After the post-mortem from the previous competition, we started by identifying the small problems that we had to fix before integrating the whole system. There were multiple issues being handled both from the hardware and the software perspectives.

First, the main chassis that will hold the microcontroller and other electrical components need to be design in such a way that all the component fits perfectly without the need of taping and gluing on the chassis itself. This wasn't the case for the previous iteration. Because of that, and the fact that we had a small team for this project, we had to spend a lot of time setting up a single blimp, which prevents us from achieving our goal of having multiple autonomous blimps in the air. The MAE members are actively working on 2 different design of the chassis the would be able to hold the component without the need of additional taping.

IMG_3008

Second, with our setup from the previous competition, we realized that the current DC motors that we are using is not enough to give the minimal mobility needed for the blimp to navigate around the field. In order to solve this problem, there's 2 possible approach: design the blimp so that it weighs less so that the current motor can move the blimp faster, or use a brushless motor, which will give the blimp more thrust. We decided to do the latter and is currently waiting for the materials to arrive so that we can replace the previous motors.

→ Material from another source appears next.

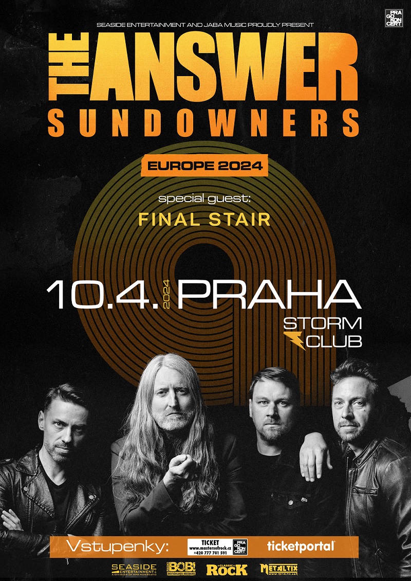 Velký návrat s novým albem pro vás chystá Irská legendární hardrocková banda THE ANSWER. Na tento okamžik čekali dlouhých 7 let a nyní jsou připraveni tento svůj plán uskutečnit. Nové album „Sundowners“ vyjde 17. března 2024 a turné po Evropě odstartuje v dubnu. Už 10. dubna 2024 dorazí tato vynikající kapela také k nám do Prahy, do klubu Storm!

Third, the current architecture in which the blimp sends image back to a laptop, which then would process the image, is not our best solution. 2/3 teams that qualified during the November competition utilizes onboard visual processing to capture the green balloon. Because of that, this will be our approach. Initial color processing has been implemented where the ESP-EYE takes real life frames from the camera and assign RGB values to it and print out the results. The end goal here is for the camera to be able to do 4 things:

1. Identify the green balloon and provide the (x, y, size) information
2. Identify the apriltags and provide the 6 DOF information
3. Identify the goal (shape or color)
4. Send images for manual streaming

Finally, we will be changing our approach for the green balloon catching algorithm. Instead of going forward and try to capture it, we want to place the basket below and try to catch the green balloon by descending onto it. Preliminary codes have been written and now we are waiting for the visual detection results.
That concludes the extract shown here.